PROBLEM DETAILS: Set out exactly, line by line, the stretch of data below that begins at the line containing "New arrival natural" and ends at the line containing "그래서 맨 처음 포털사이트에서 홈택스 검색 후 접속하여 신청 제출을 선택합니다.", with both ends kept.

INFORMATION:
== == ==
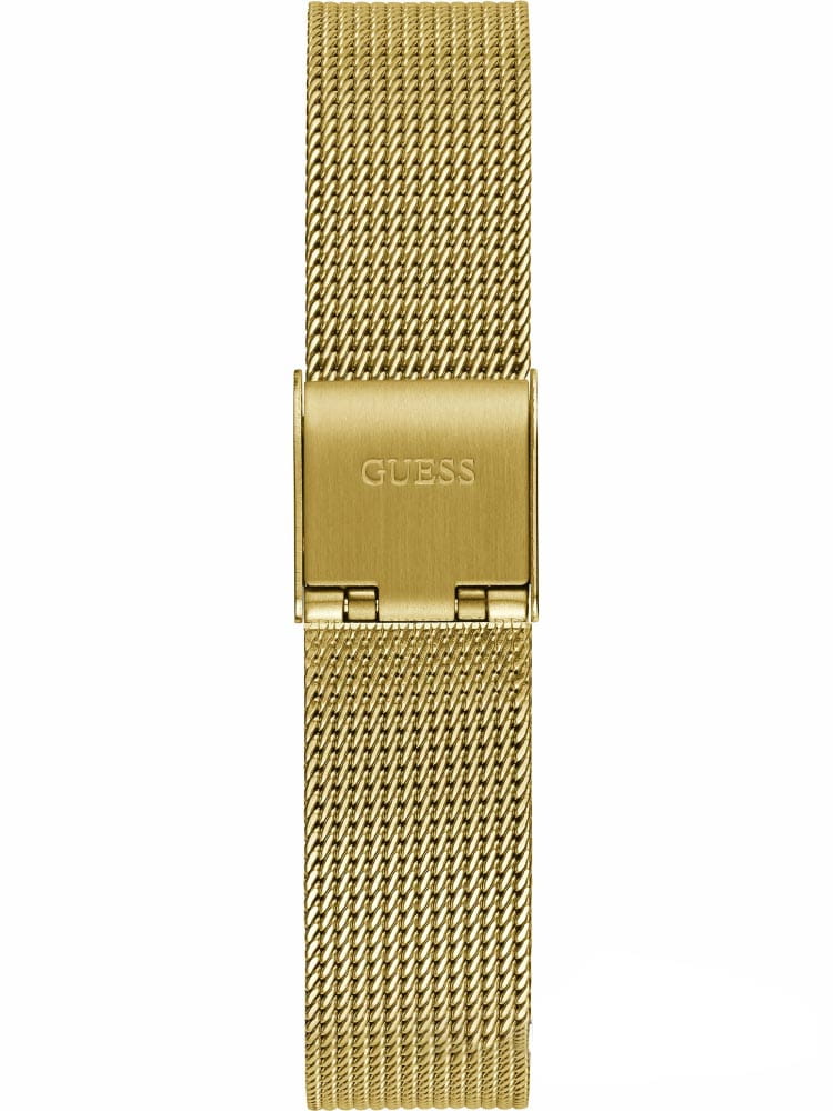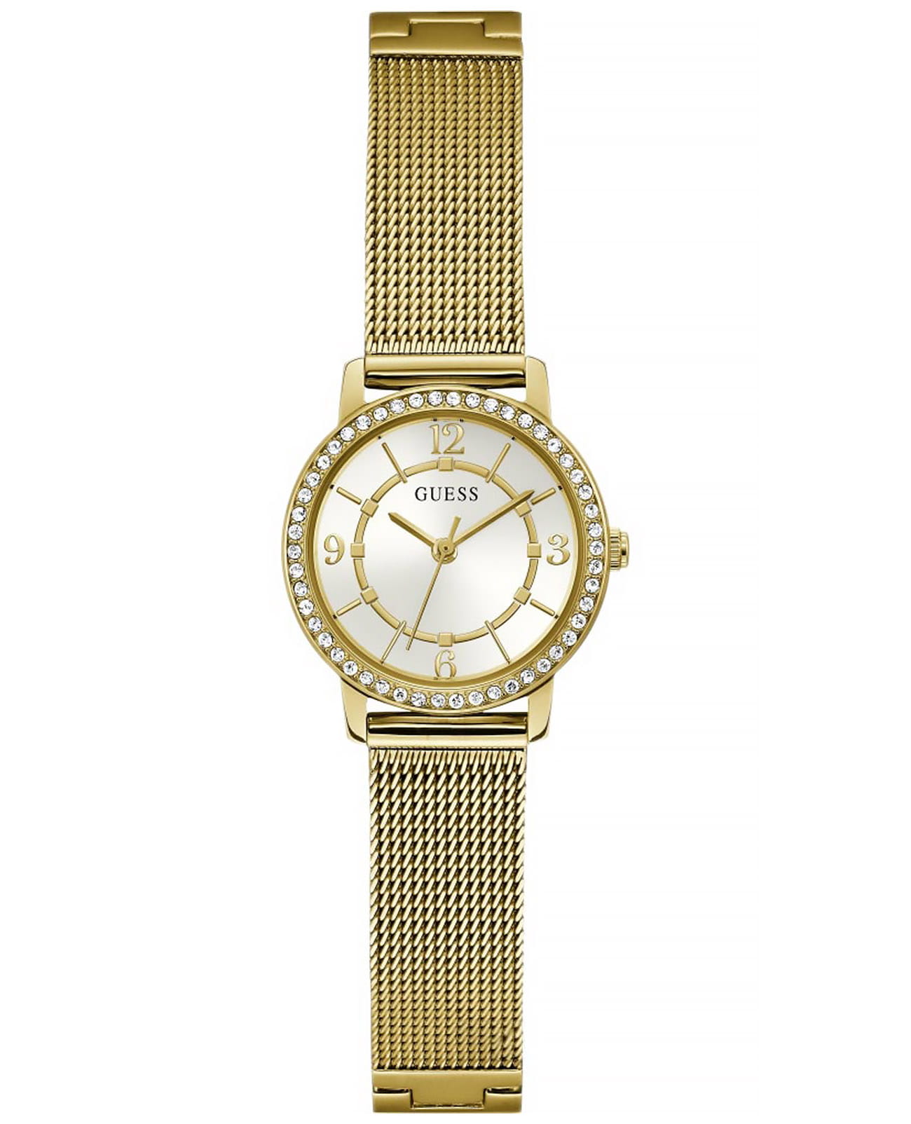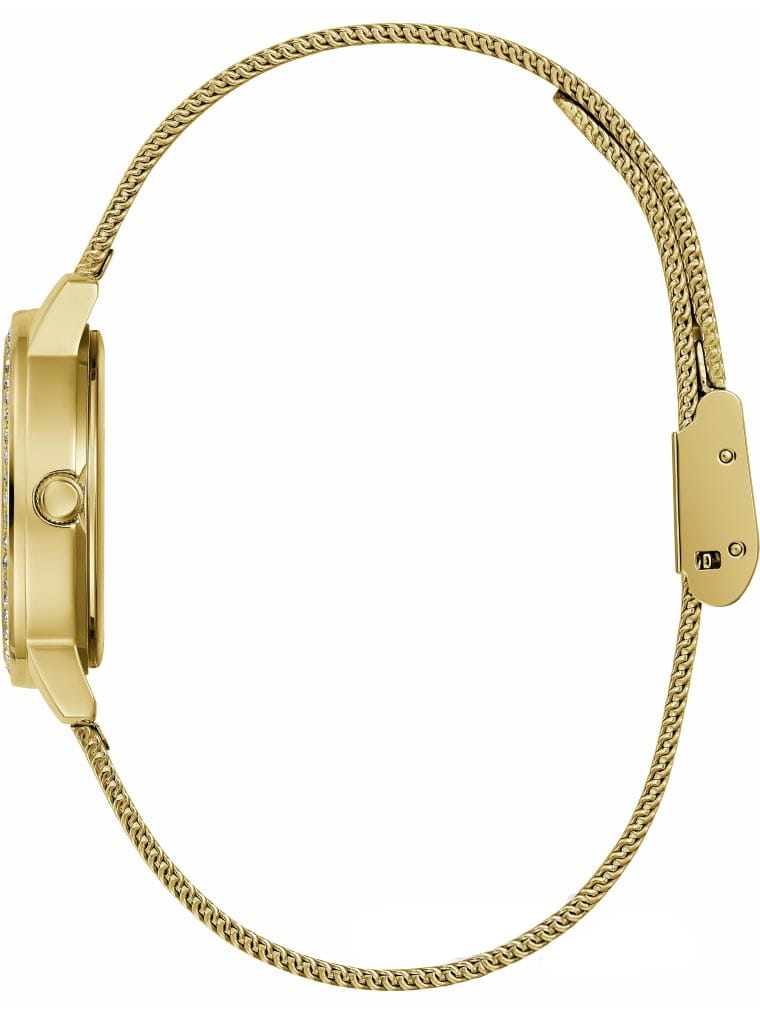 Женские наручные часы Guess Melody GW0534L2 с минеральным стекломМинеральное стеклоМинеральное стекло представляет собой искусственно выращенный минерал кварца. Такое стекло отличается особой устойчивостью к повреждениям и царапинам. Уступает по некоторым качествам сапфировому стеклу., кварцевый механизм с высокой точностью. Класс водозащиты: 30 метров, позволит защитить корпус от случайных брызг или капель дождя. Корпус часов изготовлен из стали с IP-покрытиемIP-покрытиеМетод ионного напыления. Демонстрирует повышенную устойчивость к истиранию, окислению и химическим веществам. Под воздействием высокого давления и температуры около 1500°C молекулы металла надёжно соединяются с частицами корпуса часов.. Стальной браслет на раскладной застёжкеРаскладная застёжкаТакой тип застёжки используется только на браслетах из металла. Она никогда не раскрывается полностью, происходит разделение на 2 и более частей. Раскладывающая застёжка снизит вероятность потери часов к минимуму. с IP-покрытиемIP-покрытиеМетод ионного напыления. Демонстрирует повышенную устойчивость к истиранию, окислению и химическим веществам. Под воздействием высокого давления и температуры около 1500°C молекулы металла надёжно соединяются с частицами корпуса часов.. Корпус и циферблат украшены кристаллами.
== == ==
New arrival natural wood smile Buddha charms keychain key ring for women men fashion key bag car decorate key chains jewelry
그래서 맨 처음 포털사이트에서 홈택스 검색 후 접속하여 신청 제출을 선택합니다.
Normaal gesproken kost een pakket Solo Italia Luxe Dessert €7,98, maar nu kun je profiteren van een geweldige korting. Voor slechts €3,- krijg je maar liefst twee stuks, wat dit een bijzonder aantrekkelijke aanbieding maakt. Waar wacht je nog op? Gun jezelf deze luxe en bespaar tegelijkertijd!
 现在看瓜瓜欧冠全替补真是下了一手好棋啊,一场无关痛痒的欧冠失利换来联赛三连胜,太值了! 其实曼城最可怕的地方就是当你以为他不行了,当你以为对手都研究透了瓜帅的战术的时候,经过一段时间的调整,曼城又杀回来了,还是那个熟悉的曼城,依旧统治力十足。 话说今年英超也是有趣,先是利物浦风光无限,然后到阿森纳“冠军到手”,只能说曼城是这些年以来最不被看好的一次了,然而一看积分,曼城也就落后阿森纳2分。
== == ==
OUTPUT FOR THIS TASK:
New arrival natural wood smile Buddha charms keychain key ring for women men fashion key bag car decorate key chains jewelry
그래서 맨 처음 포털사이트에서 홈택스 검색 후 접속하여 신청 제출을 선택합니다.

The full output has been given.